• _EXERCISE PROMPT_: Your reply must hold the lines from the one containing "Cocina con isla, opción" to the end of the entries, copied exactly, with pictures excluded.

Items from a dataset
+ + + +

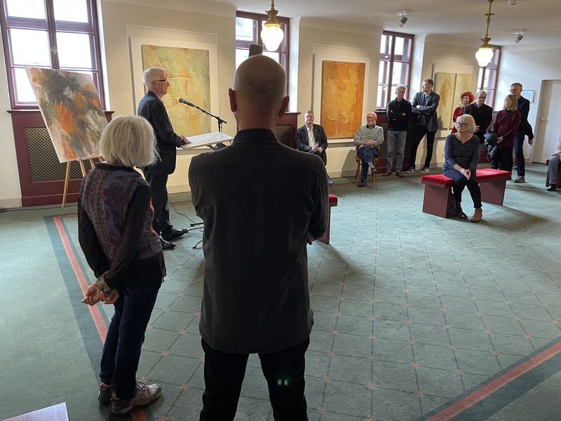 Und ich möchte Sie beglückwünschen, dass Sie den Weg hierher unternommen haben, um diese Bilder im Original zu erleben. In Zeiten von Digitalisierung, Medienkonsum und Bilderflut mutet es ja schon beinahe anachronistisch an, sich an einen Ort zu bewegen, um handgemachte Bilder zu betrachten, ganz ohne Touchscreen, ohne App und Elektronik. Deshalb möchte ich Ihnen auch empfehlen: Handys erstmal in der Tasche lassen und schauen, genau hinschauen. – Aus meiner Sicht ist dieses „Vor-dem-Original-Erlebnis“ sehr wertvoll und unersetzlich.
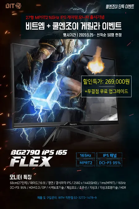 행사기간은 5월 25일부터 재고 소진시까지며 이 기간동안 Newsync BG279Q IPS 165 FLEX 는 특가 269,000원에 판매된다. 이벤트 수량은 50대 한정이며, 구매자 모두에게 무결점으로 업그레이드해서 발송한다. 배송비는 무료이며, 포토상품평을 작성하는 고객 전원에게 네이버포인트 3,000원을 100% 증정한다.
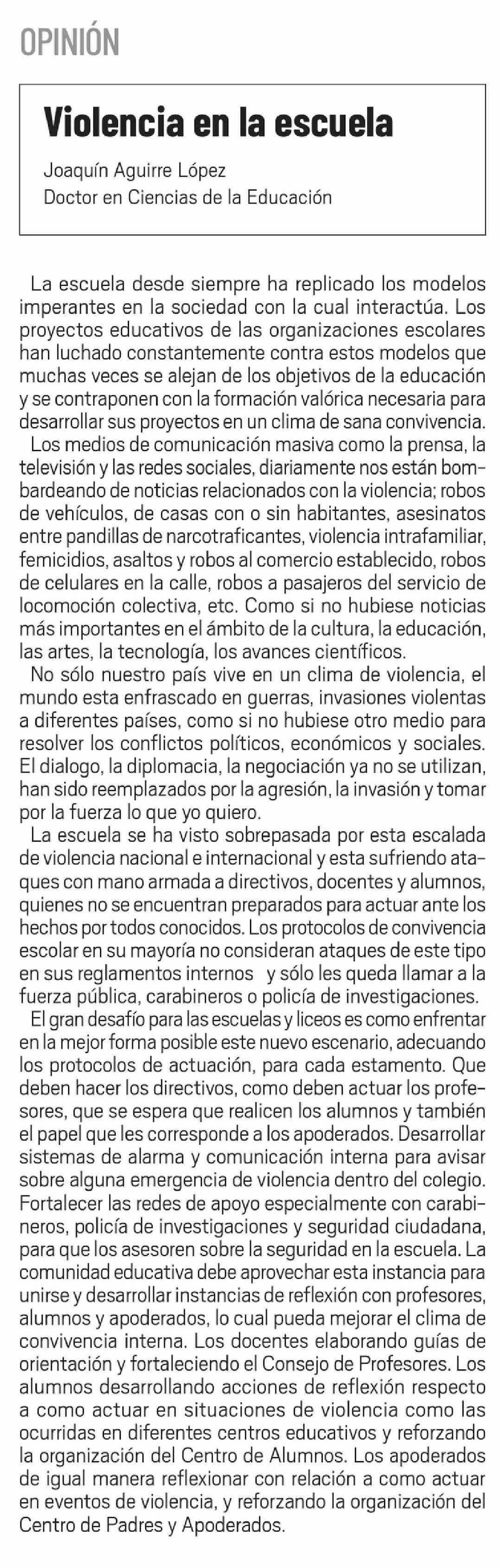 | Título: | Columnas de Opinión: Violencia en la escuela |
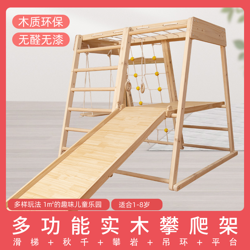 儿童室内榉木攀岩攀爬架宝宝婴幼儿家用攀爬小型玩乐秋千实木组合
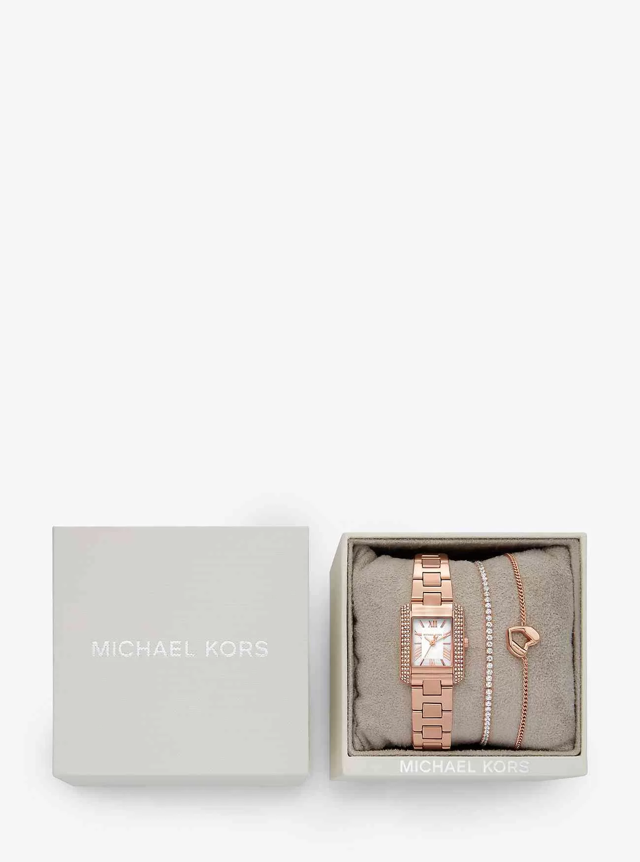 Mini Emery Pavé Roségoldfarbenes Uhren- und Armband-Geschenkset
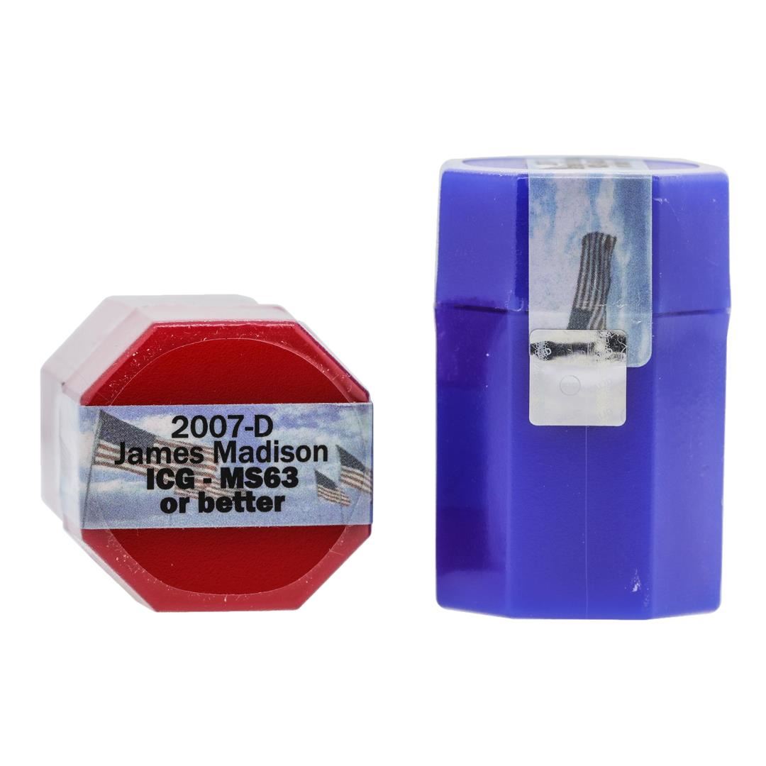 One Rolls of 2007-D & 2007-P $1 James Madison Presidential Coins ICG MS63 or Better. ICG Appraised.
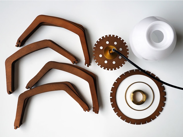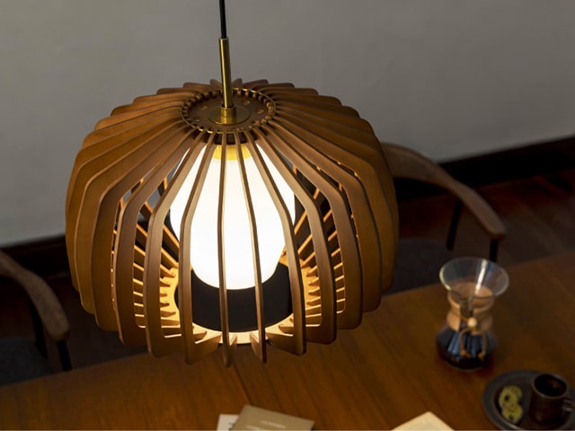 光源をガラスとウッドセードが包み込む、素材の調和をお楽しみください。
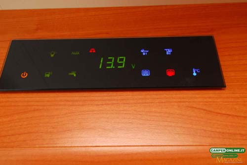Le diverse utenze dell’impianto elettrico sono gestite da un pannello di controllo della Nordelettronica posizionato al di sopra della porta di ingresso. Piuttosto semplice nell’utilizzo e con pulsanti soft touch, dispone di un display digitale per il monitoraggio dei livelli delle batterie e dei serbatoi e affida a icone luminose il controllo delle utenze in uso.
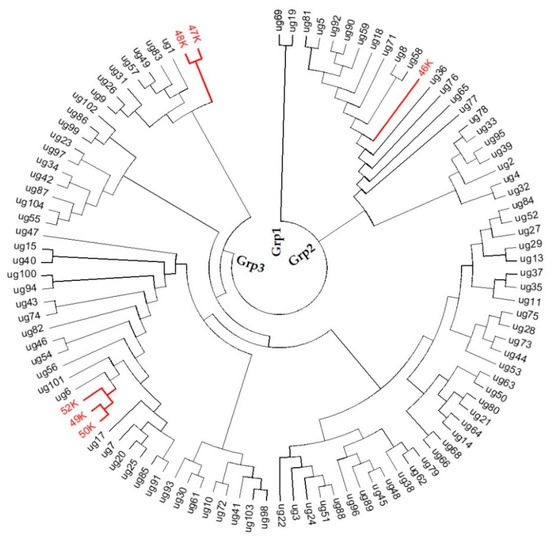 Neighbor-joining tree of 99 Brachiaria ecotypes from Uganda and six commercial cultivars based on Rogers’s genetic distance calculated from 24 simple sequence repeats markers. Ecotypes are denoted by initial letters ug and commercial cultivars are written in red color as 46 K (Brachiaria humidicola cv. Humidicola), 47 K (Brachiaria brizantha cv. MG4), 48 K (Brachiaria brizantha cv. Piata), 49 K (Brachiaria hybrid Mulato II), 50 K (Brachiaria humidicola cv. Llanero), and 52 K (Brachiaria decumbens cv. Basilisk).
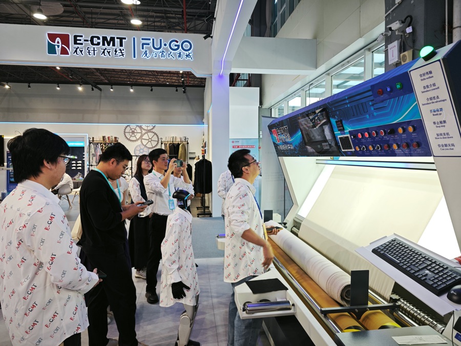 11月18日,2025世界服装大会活动现场,陈铭铸正在对一台AI质检一体机进行调试。随着云机—花布AI质检一体机匀速运转,一道无形的数字光束在面料上游走,布料上瑕疵被AI大模型一一识别出来,精准而高效,这一场景已在虎门衣针衣线生产车间运行一年多时间。
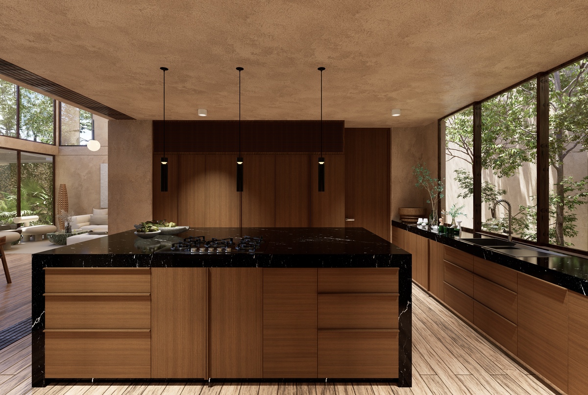 Cocina con isla, opción de abertura total al comedor, acceso a la terraza y vista al primer patio.
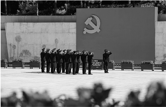 “七一”来临之际,嘉兴市公安局南湖区分局七一派出所作为离红船最近的派出所,民警到南湖革命纪念馆宣誓墙前重温入党誓词,表示要牢记初心使命,坚决扛起“红船护旗手”为党守根护脉的责任和担当。 通讯员 周晨磊
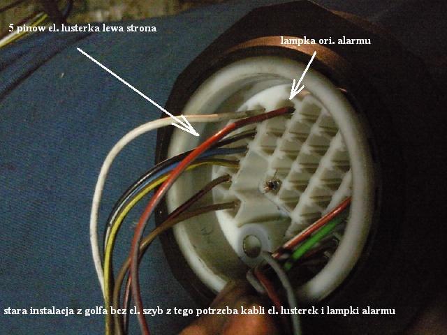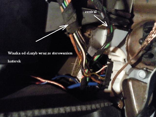 wyodrebniony kabelek zasilania el. lusterek ktory juz jest nam niepotrzebny bo w nowej wiazce byl juz dolaczony taki.
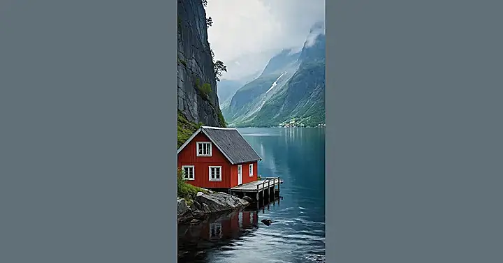 Whoa, check out this place! It’s like Mother Nature decided to show off in Norway, creating a scene so epic it could be a movie set for an adventure flick. Those gigantic mountains practically scrape the sky, looking super green and rugged, with sparkling waterfalls just casually tumbling down their sides. And then, right there by the unbelievably blue water, are these charming little red houses, all lined up like they’re waiting for a postcard photo. It’s almost like they’re saying, “Hey, we might be small, but we live next to giants and we look amazing!”
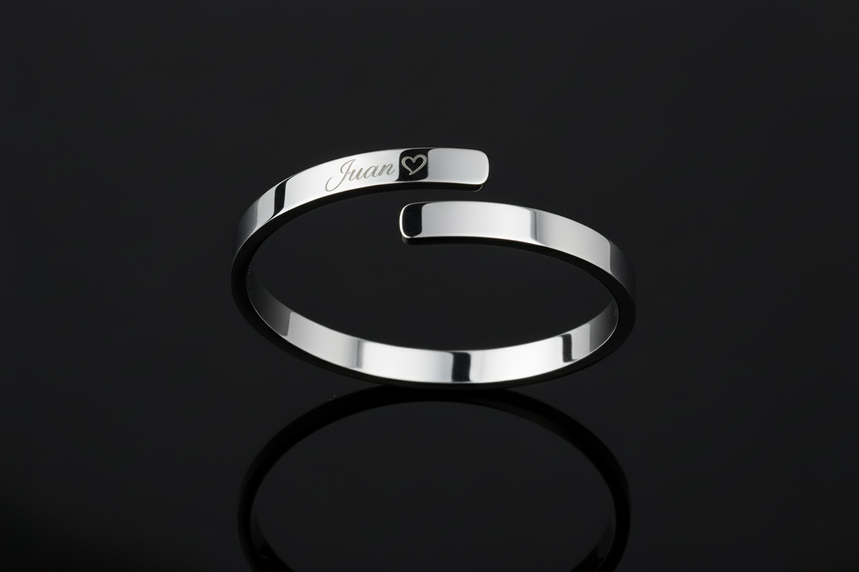 Ein schlanker, verstellbarer Edelstahlring mit feiner Oberfläche – perfekt für den Alltag oder als zeitloses Geschenk. Präzise Gravur in 3D‑Optik macht jeden Ring zum einzigartigen Schmuckstück für besondere Momente.
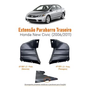 Extensão para-barro para-lama traseiro honda new civic lado esquerdo Aplicações: New civic: 2006 a 2011 Cor: preto Especificações tecnicas: Excelente acabamento Material feito em plástico resistente Fixação firme e encaixe perfeito Fácil instalação Acompanha presilhas metálicas Acompanha parafusos de fixação Conteudo da embalagem: 01 extensão parabarro new civic de 3 meses sobre defeitos de fabricação; Não nos responsabilizamos pelo mau uso ou instalação inadequada do produto; Recomendamos que a instalação seja feita por profissional especializado. A jcb agradece sua preferência. Estamos à disposição para melhor atendê-los Marca: Não Informado
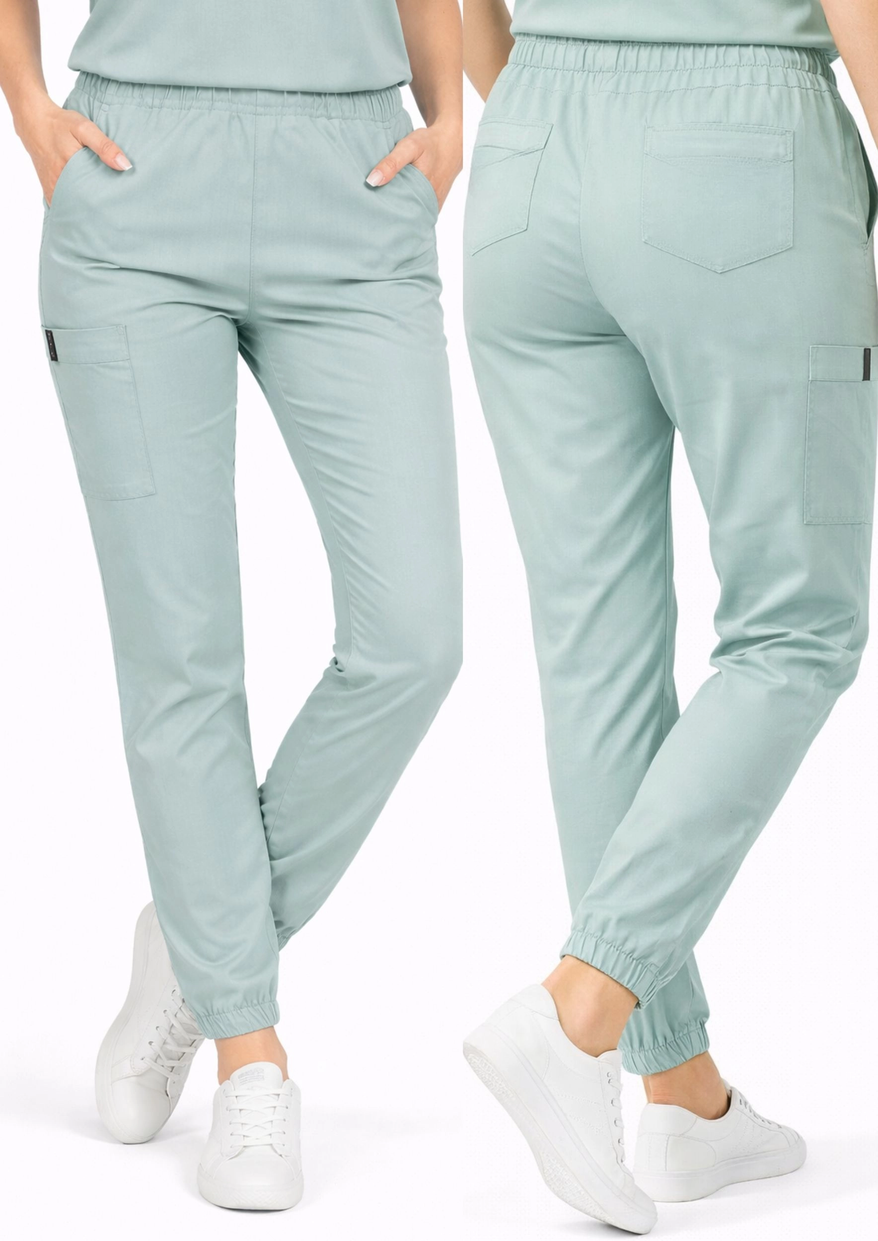 Spodnie medyczne typu jogger z wysokim stanem o sportowym kroj, wygodne i praktyczne. Pas na elastycznej szerokiej gumie, nogawki zakończone ściągaczem. Spodnie posiadają sześć kieszeni (2 z przodu,2 tylne i dwie boczne typu Cargo z miejscem na długopis).

+ + + +

• _ANSWER BELOW_:
 Cocina con isla, opción de abertura total al comedor, acceso a la terraza y vista al primer patio.
 “七一”来临之际,嘉兴市公安局南湖区分局七一派出所作为离红船最近的派出所,民警到南湖革命纪念馆宣誓墙前重温入党誓词,表示要牢记初心使命,坚决扛起“红船护旗手”为党守根护脉的责任和担当。 通讯员 周晨磊
 wyodrebniony kabelek zasilania el. lusterek ktory juz jest nam niepotrzebny bo w nowej wiazce byl juz dolaczony taki.
 Whoa, check out this place! It’s like Mother Nature decided to show off in Norway, creating a scene so epic it could be a movie set for an adventure flick. Those gigantic mountains practically scrape the sky, looking super green and rugged, with sparkling waterfalls just casually tumbling down their sides. And then, right there by the unbelievably blue water, are these charming little red houses, all lined up like they’re waiting for a postcard photo. It’s almost like they’re saying, “Hey, we might be small, but we live next to giants and we look amazing!”
 Ein schlanker, verstellbarer Edelstahlring mit feiner Oberfläche – perfekt für den Alltag oder als zeitloses Geschenk. Präzise Gravur in 3D‑Optik macht jeden Ring zum einzigartigen Schmuckstück für besondere Momente.
 Extensão para-barro para-lama traseiro honda new civic lado esquerdo Aplicações: New civic: 2006 a 2011 Cor: preto Especificações tecnicas: Excelente acabamento Material feito em plástico resistente Fixação firme e encaixe perfeito Fácil instalação Acompanha presilhas metálicas Acompanha parafusos de fixação Conteudo da embalagem: 01 extensão parabarro new civic de 3 meses sobre defeitos de fabricação; Não nos responsabilizamos pelo mau uso ou instalação inadequada do produto; Recomendamos que a instalação seja feita por profissional especializado. A jcb agradece sua preferência. Estamos à disposição para melhor atendê-los Marca: Não Informado
 Spodnie medyczne typu jogger z wysokim stanem o sportowym kroj, wygodne i praktyczne. Pas na elastycznej szerokiej gumie, nogawki zakończone ściągaczem. Spodnie posiadają sześć kieszeni (2 z przodu,2 tylne i dwie boczne typu Cargo z miejscem na długopis).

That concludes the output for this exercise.